Là fuori ci saranno presto due milioni di posti di lavoro. Sono quelli che il settore Ict (Information e communication technology) creerà nel mondo entro il 2020.
Ma se le cose continuano come oggi, ci saranno candidati adatti per coprirne solo la metà. Chi manca all’appello? Le donne. Nel 2012, le donne impiegate nella tecnologia erano solo il 25% del totale.
E benché ci siano eccezioni luminose, come quella di Stanford che un paio di mesi fa ha fatto sapere orgogliosa che “Informatica è per la prima volta la materia più popolare fra le ragazze”, in generale sono sempre troppo poche quelle che scelgono un percorso di studi scientifico. Secondo i dati di Almalaurea, le studentesse iscritte a lauree del gruppo disciplinare scientifico, il cosiddetto STEM (acronimo inglese per scienze, tecnologia, ingegneria, matematica) sono il 34,8% ma la percentuale crolla per la laurea specifica in scienze tecnologiche e informatiche: 15,2%. Per non parlare di fare carriera o mettersi in proprio: poco più del 19% degli addetti del settore ICT ha un responsabile donna, contro il 45,2% in altri settori e solo il 19% degli imprenditori settore ICT è donna, comparato al 54% in altri settori (dati dalla ricerca della Commissione Europea Women active in the ICT sector, 2013).

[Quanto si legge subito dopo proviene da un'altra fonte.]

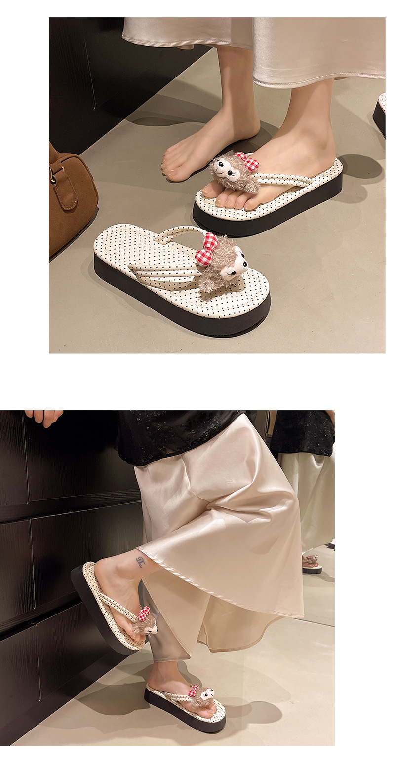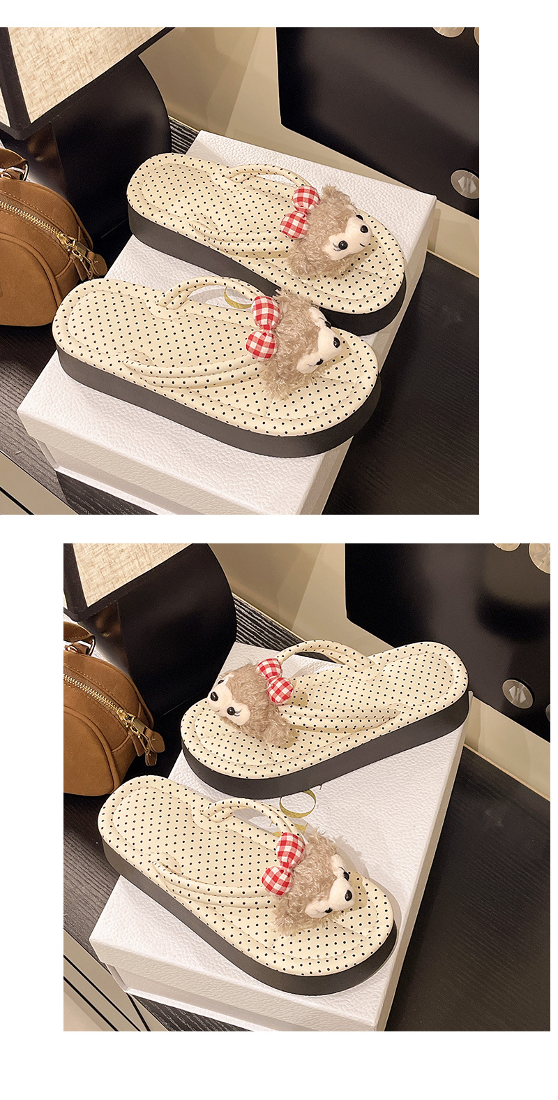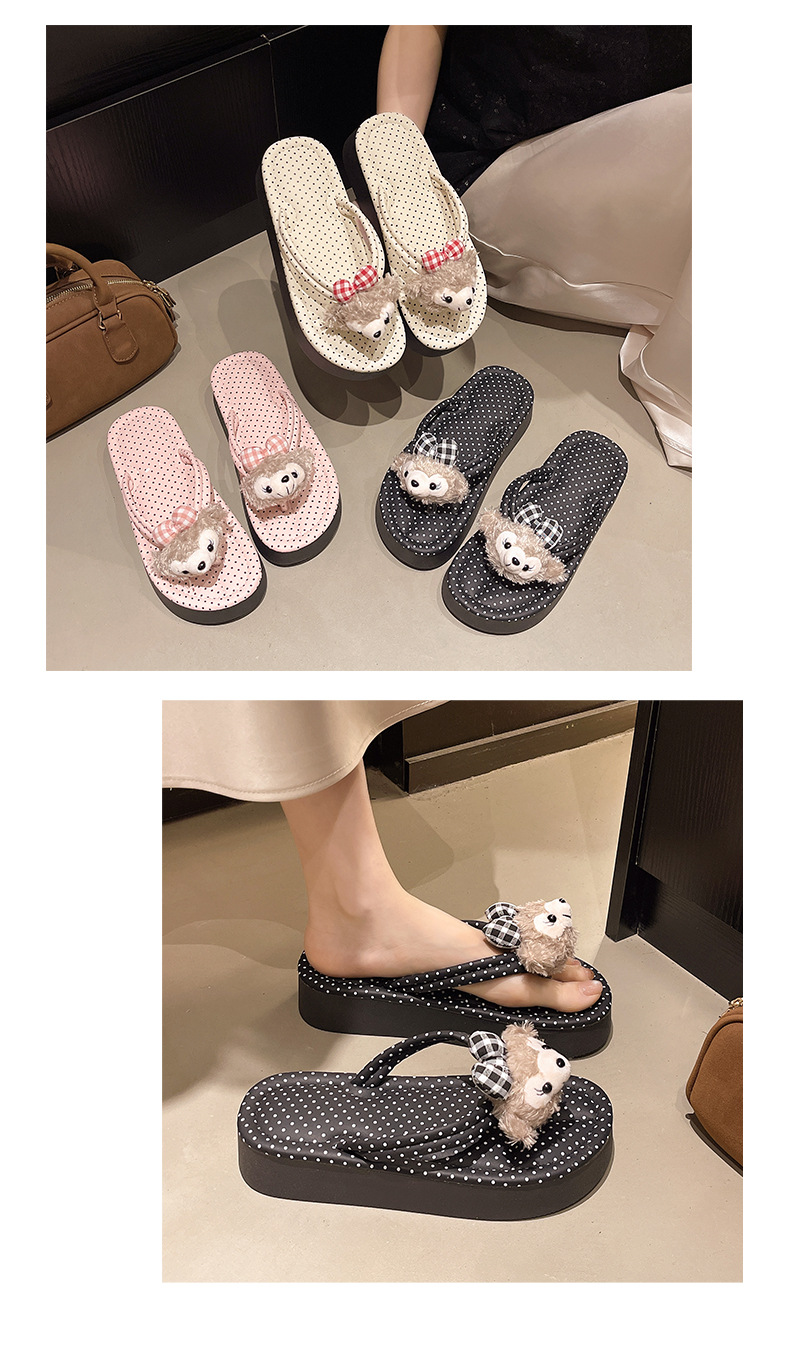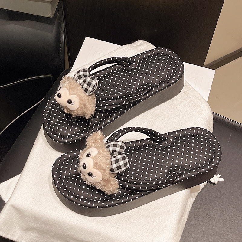 여성용 달콤한 폴카 도트 슬리퍼, 귀여운 만화 여름 아우터 슬리퍼, 두꺼운 밑창 높이 슬리퍼, 해변 해변 신발스토어 가기

Alle ragazze serve una formazione digitale
“Lo ammetto: me ne occupo da tanti anni e speravo fossero dibattiti ormai superati” dice Roberta Cocco, direttore dei progetti a sviluppo nazionale di Microsoft Western Europe e fondatrice di Nuvola Rosa. “Invece c’è ancora la necessità di colmare il gap digitale offrendo una formazione specifica alle ragazze”. Cosa che Nuvola Rosa fa con seminari, corsi di coding per insegnare le basi della programmazione, dibattiti, conferenze e un evento annuale che, nel 2015, ha visto coinvolte 1922 ragazze in una tre giorni di formazione digitale intensiva.
Quindi, nonostante la crisi che dovrebbe suggerire lo studio di materie per le quali la richiesta del mercato è alta, dopo la maturità le studentesse fanno ancora altre scelte. Lasciando liberi posti molto appetibili: “Un esempio: cerchiamo 25 persone con profilo tecnologico alto, esperte di cloud computing. Privilegeremmo volentieri le candidature femminili, ma non ne riceviamo a sufficienza”, nota Cocco.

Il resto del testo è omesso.